***** Records for this exercise *****

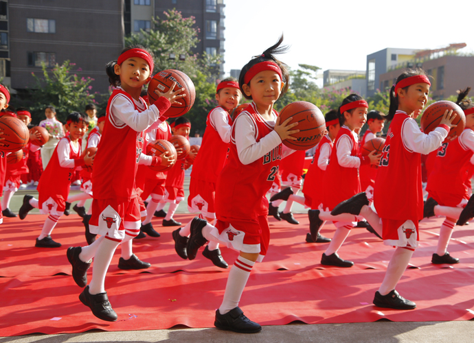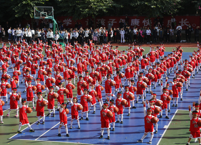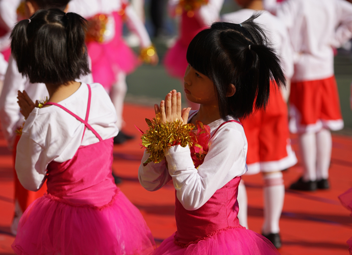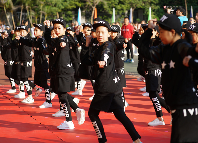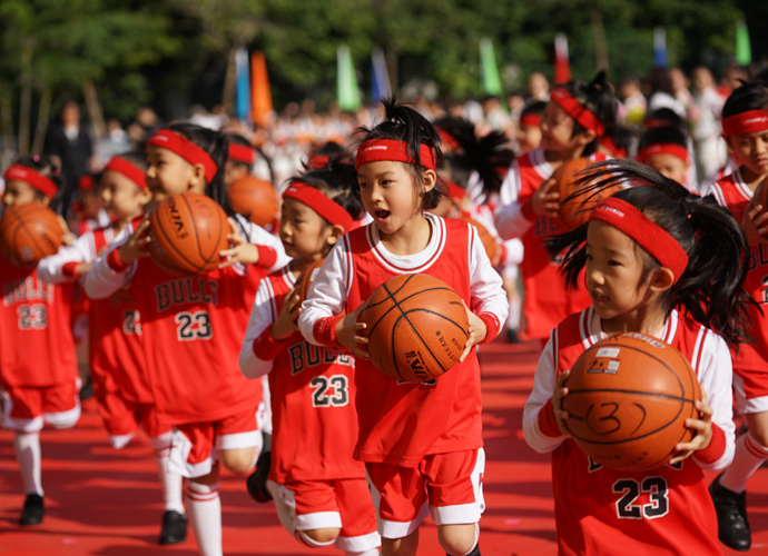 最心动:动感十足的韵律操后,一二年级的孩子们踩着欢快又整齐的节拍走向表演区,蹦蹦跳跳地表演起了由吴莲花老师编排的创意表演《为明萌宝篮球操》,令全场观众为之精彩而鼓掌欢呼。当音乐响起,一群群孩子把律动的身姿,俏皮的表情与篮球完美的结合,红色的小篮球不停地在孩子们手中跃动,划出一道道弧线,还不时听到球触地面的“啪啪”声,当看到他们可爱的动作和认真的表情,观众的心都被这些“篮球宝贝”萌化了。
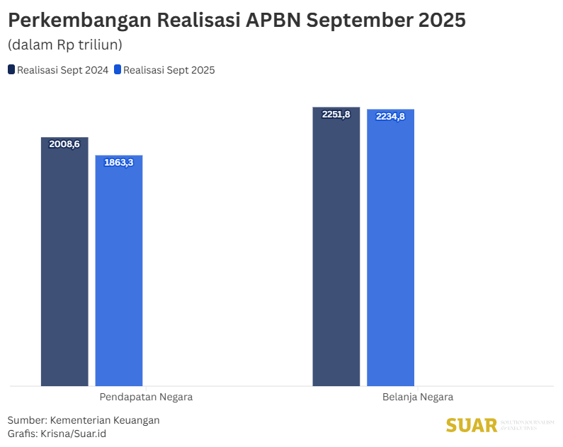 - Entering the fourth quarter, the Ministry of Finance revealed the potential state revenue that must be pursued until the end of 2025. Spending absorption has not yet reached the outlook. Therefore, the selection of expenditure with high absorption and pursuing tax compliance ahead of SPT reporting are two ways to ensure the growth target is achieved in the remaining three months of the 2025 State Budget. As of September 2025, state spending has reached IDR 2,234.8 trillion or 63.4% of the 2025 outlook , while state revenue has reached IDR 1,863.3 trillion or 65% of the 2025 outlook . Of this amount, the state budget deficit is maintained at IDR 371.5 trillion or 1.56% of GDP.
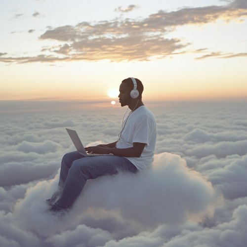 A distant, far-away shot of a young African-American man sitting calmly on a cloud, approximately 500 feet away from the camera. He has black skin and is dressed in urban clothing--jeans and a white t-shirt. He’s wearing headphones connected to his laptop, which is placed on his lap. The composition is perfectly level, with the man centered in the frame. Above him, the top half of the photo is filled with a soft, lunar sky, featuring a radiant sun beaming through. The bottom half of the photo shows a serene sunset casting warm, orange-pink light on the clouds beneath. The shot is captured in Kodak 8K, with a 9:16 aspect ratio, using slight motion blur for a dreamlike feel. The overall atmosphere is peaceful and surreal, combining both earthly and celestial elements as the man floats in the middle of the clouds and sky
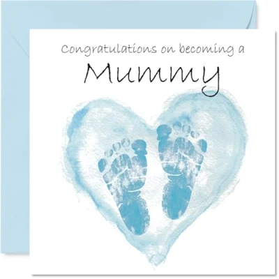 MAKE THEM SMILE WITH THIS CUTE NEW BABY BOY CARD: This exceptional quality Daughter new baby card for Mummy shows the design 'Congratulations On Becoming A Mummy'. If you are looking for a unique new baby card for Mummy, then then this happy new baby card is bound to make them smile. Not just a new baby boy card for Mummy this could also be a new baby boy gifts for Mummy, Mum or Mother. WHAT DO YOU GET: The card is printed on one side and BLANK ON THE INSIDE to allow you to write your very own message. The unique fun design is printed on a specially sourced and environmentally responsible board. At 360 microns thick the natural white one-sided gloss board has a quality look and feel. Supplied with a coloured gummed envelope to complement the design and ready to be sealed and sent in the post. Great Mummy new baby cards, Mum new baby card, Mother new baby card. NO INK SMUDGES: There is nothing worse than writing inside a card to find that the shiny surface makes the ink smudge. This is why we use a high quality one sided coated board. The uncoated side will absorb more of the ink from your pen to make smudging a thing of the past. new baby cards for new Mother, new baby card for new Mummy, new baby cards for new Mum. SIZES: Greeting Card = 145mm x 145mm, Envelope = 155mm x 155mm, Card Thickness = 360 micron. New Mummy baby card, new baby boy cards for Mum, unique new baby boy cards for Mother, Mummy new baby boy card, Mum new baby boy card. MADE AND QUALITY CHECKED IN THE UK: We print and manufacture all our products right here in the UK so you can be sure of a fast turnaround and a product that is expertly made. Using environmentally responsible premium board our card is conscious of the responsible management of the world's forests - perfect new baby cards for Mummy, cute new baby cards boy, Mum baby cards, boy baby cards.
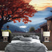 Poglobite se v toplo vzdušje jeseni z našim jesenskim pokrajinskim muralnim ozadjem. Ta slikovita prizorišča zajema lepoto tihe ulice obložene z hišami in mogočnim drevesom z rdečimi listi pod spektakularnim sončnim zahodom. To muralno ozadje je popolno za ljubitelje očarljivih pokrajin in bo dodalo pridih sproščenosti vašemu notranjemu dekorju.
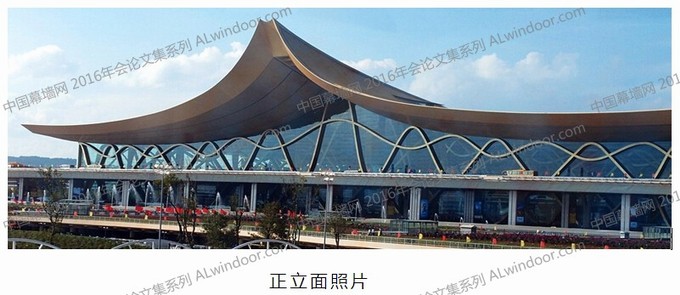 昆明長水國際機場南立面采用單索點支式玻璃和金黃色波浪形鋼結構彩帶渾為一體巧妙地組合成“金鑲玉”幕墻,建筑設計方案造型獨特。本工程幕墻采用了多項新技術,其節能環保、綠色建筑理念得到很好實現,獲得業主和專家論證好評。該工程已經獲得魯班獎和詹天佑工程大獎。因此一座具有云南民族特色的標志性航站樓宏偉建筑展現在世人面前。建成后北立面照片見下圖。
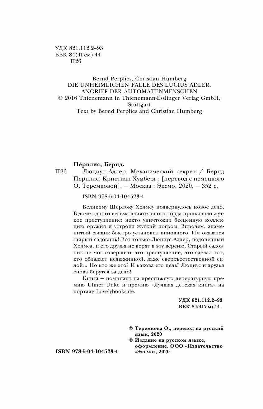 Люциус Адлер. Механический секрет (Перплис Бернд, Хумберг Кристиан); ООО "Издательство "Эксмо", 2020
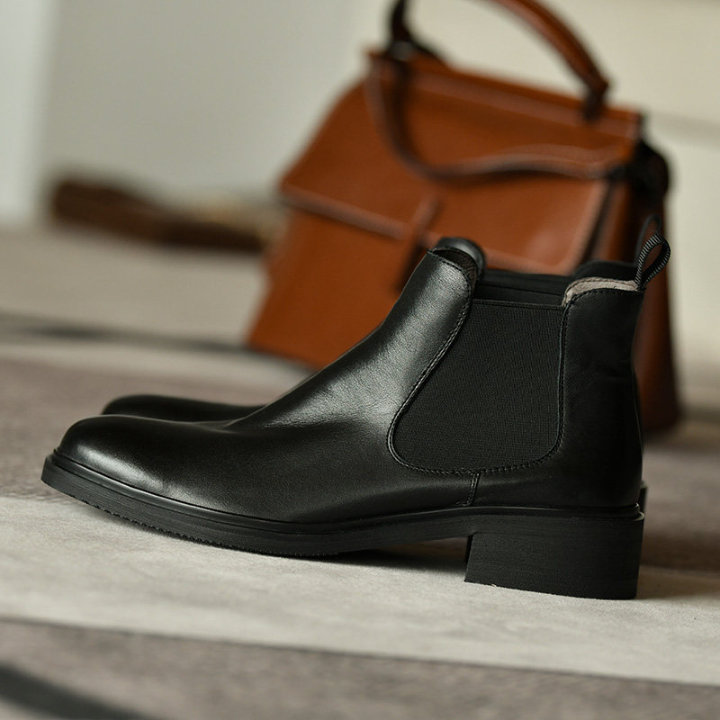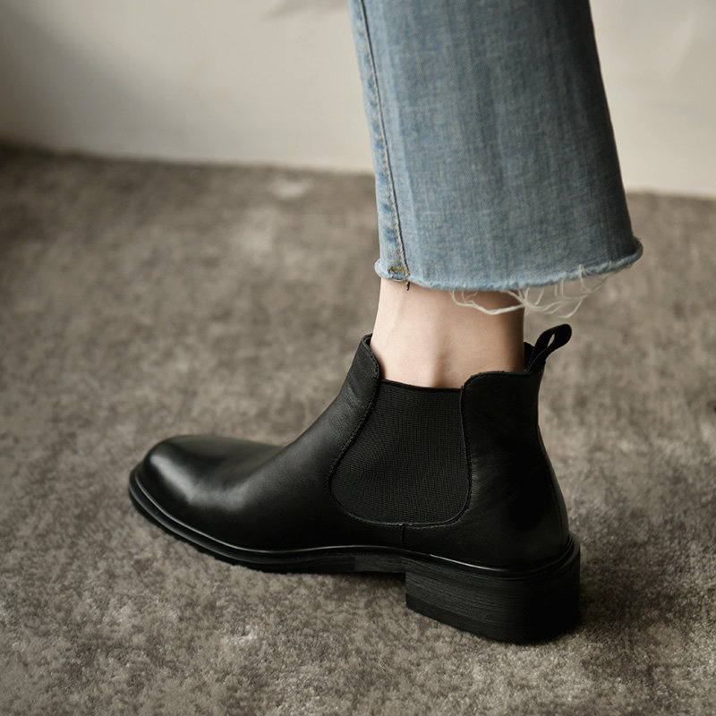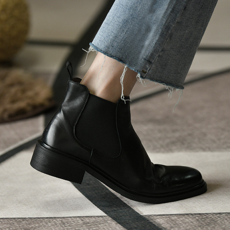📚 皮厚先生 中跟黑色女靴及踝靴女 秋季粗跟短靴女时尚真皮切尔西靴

*****
***** Records for this exercise *****

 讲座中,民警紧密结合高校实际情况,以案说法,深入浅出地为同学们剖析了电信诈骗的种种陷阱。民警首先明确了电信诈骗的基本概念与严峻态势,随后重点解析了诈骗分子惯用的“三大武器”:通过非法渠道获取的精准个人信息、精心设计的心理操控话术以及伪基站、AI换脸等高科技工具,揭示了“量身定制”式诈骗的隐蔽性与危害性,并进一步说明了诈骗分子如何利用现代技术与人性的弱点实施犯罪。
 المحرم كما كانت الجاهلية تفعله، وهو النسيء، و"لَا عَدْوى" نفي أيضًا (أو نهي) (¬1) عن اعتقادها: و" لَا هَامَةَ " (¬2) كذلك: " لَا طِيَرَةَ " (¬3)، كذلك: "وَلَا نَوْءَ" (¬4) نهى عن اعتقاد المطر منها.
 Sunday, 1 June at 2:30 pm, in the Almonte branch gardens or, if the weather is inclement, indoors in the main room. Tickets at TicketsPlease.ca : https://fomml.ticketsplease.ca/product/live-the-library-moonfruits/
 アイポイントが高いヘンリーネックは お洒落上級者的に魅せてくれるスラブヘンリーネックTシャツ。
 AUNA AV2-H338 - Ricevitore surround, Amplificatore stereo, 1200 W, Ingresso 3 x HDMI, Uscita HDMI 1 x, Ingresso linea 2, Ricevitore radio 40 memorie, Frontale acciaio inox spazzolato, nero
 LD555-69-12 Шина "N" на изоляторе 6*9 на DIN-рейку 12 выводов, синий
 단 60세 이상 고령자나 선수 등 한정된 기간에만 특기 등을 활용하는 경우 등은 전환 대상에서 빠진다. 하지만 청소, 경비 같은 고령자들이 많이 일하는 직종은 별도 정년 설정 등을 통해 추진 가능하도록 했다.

*****

Starting with the line with "AUNA AV2-H338 - Ricevitore" above and going on through the line with "단 60세 이상 고령자나", transcribe every line exactly, both ends included, and add nothing.

 AUNA AV2-H338 - Ricevitore surround, Amplificatore stereo, 1200 W, Ingresso 3 x HDMI, Uscita HDMI 1 x, Ingresso linea 2, Ricevitore radio 40 memorie, Frontale acciaio inox spazzolato, nero
 LD555-69-12 Шина "N" на изоляторе 6*9 на DIN-рейку 12 выводов, синий
 단 60세 이상 고령자나 선수 등 한정된 기간에만 특기 등을 활용하는 경우 등은 전환 대상에서 빠진다. 하지만 청소, 경비 같은 고령자들이 많이 일하는 직종은 별도 정년 설정 등을 통해 추진 가능하도록 했다.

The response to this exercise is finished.